__Problem to work on__. Would you retype exactly the lines below, starting with the one that has "Innsbruck ein neues" and going on through the one that has "韩版宽边发箍发夹 新款麂皮绒布 星星小点点铆钉 头箍冬季发卡", with no pictures and nothing else?

__Material provided__.
---*---
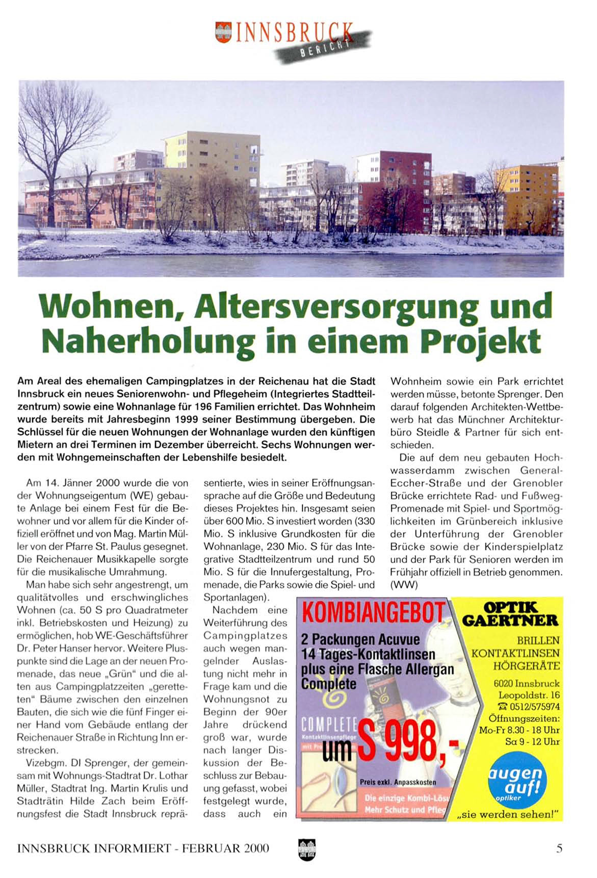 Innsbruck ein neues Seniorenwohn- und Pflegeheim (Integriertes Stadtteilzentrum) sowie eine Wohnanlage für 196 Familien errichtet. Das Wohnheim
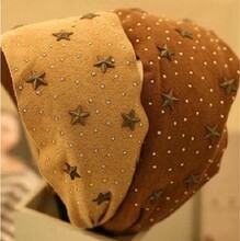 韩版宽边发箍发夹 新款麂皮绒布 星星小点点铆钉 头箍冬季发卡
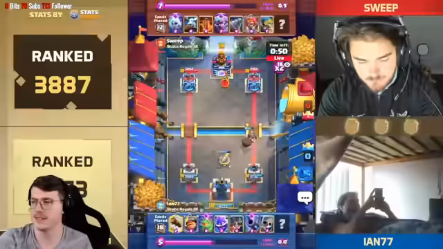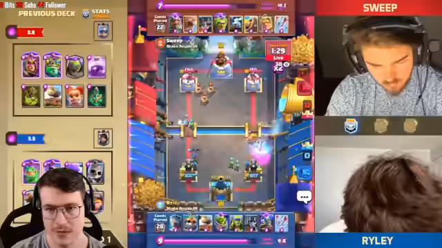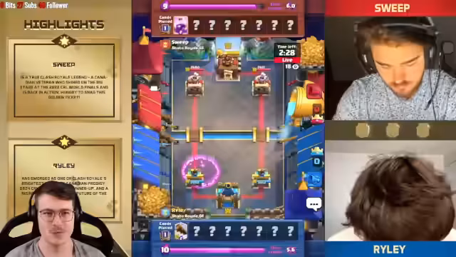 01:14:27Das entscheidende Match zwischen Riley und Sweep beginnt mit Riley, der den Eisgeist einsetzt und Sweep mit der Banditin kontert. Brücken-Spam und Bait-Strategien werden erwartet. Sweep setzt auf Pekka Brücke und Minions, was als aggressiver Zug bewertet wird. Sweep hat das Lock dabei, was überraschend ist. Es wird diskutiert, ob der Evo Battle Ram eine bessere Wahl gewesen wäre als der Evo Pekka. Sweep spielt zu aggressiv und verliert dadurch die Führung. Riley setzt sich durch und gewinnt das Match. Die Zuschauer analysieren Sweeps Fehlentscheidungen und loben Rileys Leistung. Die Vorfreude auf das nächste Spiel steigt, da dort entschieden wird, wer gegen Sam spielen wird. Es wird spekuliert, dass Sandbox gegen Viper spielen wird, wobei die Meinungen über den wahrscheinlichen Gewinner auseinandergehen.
---*---
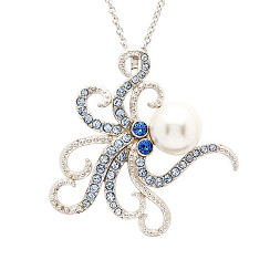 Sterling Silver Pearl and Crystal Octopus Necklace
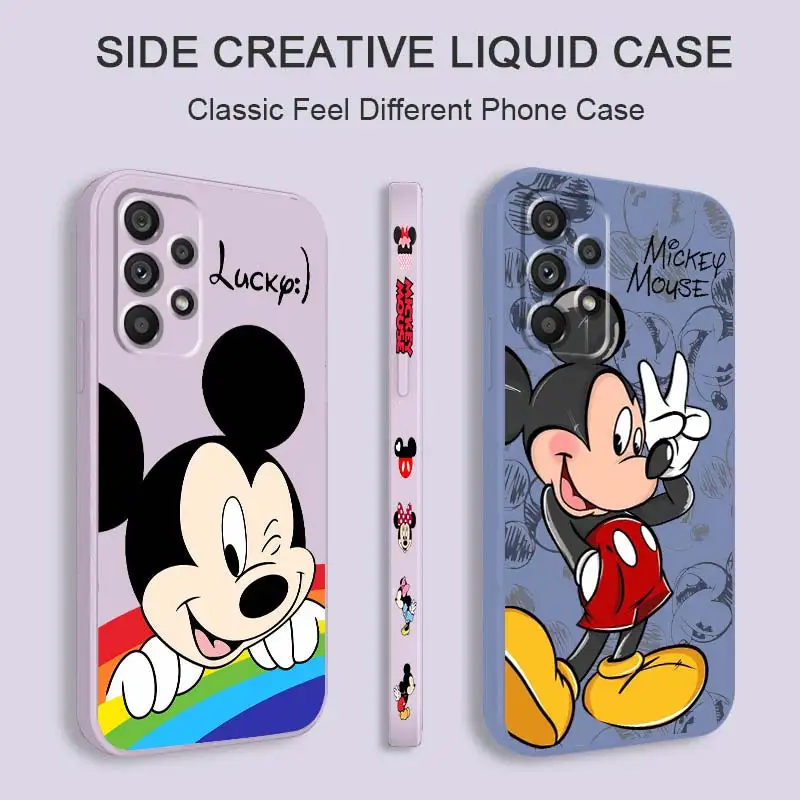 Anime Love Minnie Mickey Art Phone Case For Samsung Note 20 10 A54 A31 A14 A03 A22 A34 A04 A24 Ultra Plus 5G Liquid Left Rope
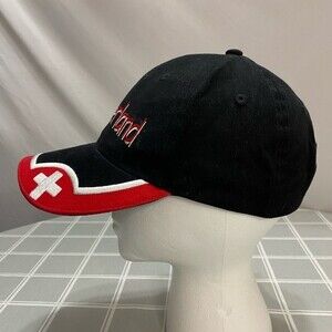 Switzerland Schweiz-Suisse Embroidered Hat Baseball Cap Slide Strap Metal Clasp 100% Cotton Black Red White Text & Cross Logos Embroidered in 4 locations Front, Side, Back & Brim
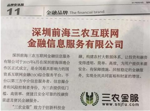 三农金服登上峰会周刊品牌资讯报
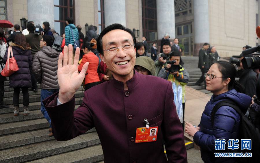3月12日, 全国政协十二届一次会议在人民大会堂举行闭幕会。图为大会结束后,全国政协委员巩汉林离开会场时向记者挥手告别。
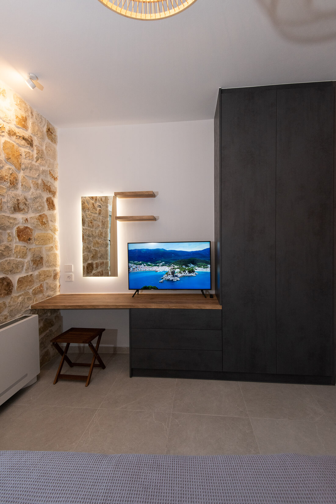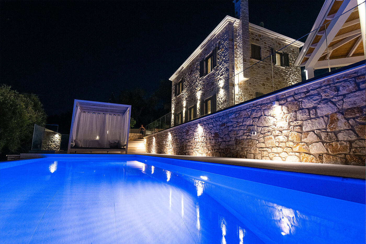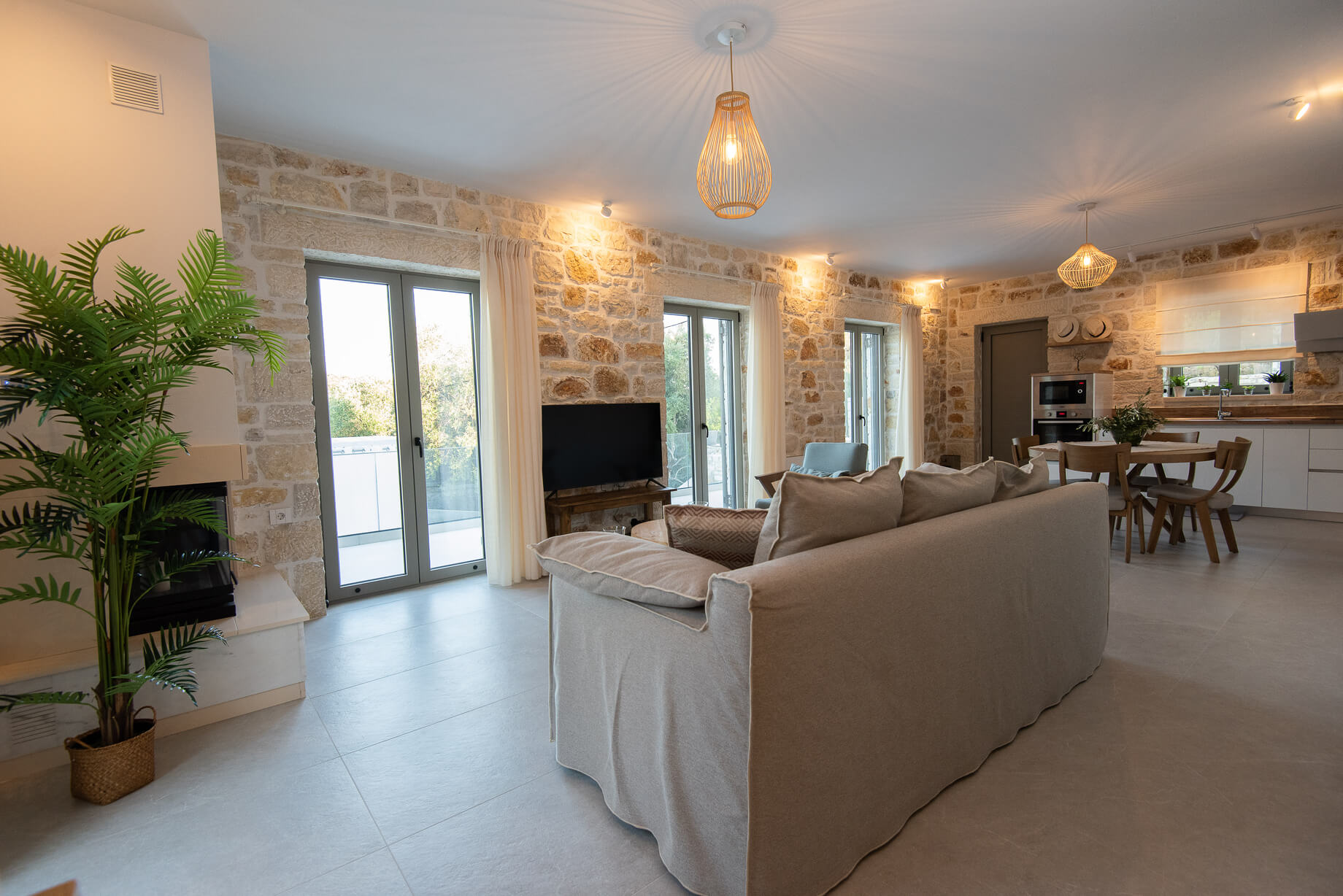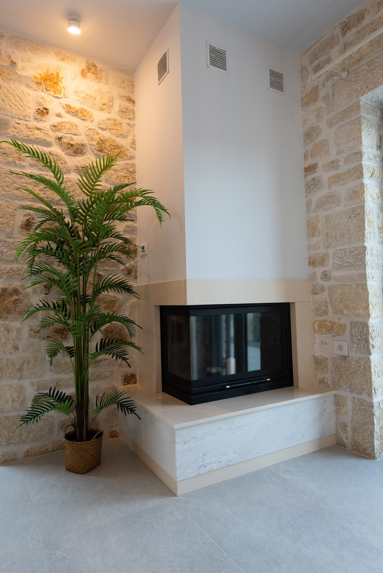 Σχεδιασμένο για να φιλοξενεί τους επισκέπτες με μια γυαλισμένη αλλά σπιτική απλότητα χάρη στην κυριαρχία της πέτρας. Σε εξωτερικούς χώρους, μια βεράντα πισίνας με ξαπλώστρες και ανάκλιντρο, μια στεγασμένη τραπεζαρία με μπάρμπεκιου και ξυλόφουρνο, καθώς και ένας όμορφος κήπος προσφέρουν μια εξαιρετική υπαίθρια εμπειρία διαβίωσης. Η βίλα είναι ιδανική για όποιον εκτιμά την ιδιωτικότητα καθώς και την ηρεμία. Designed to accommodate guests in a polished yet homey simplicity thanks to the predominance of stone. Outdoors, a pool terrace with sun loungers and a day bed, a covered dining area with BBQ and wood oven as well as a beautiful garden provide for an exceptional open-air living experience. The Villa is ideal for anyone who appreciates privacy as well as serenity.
---*---
__Solution to the problem__.
 Innsbruck ein neues Seniorenwohn- und Pflegeheim (Integriertes Stadtteilzentrum) sowie eine Wohnanlage für 196 Familien errichtet. Das Wohnheim
 韩版宽边发箍发夹 新款麂皮绒布 星星小点点铆钉 头箍冬季发卡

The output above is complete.